The East Side Parkways Coalition is represented by Adam Walters of Phillips Lytle LLP.

“The suit seeks to require that DOT prepare an environmental impact statement first and foremost. If they do an environmental impact statement, one of the things they have to do is look at alternatives,” said Walters at WGRZ-TV.

The alternative residents demand in their lawsuit not only the removal of the tunnel, but also the complete elimination of the Kensington and the restoration by the state of Humboldt Parkway to the way it was before the highway was built 60 years ago, as the lawsuit notes, connect downtown Buffalo to the Cheektowaga Airport.

In the past, the DOT has rejected the idea of ​​removing the highway altogether, considering it impractical given that it is used by 75,000 vehicles daily.

“But would it be the end of the world if the Kensington didn’t run through downtown? » Walters asked. “When they built it, they thought Buffalo would have a population of a million people, and so the idea that it has to stay forever is just silly.”

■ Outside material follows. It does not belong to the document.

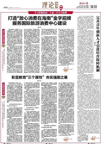 国际旅游消费中心是海南“三区一中心”战略定位之一,创建国际一流的消费环境是国际旅游消费中心建设的必要内容。《中共中央关于进一步全面深化改革、推进中国式现代化的决定》明确,完善扩大消费长效机制,减少限制性措施,合理增加公共消费,积极推进首发经济。近年来,海南省市场监管局坚决贯彻党的二十大和党的二十届二中、三中全会以及省委八届四次、五次全会精神,认真落实省委、省政府决策部署,坚持“放心消费在海南”活动与“守护消费”专项行动双轮驱动,着力打造安全放心的消费环境,全力服务国际旅游消费中心建设。

The suit also claims the highway was built illegally in the first place, without state legislative approval to remove public parks, and is now a violation of the state’s Green Amendment which states that everyone has the civil right to purify air and water. and a healthy environment.

“It’s hard to do that with a highway running through your backyard,” Walters said.

The suit further claims that residents of nearby neighborhoods suffered deleterious health effects from the pollution, which caused “a frightening scale of illness” among them.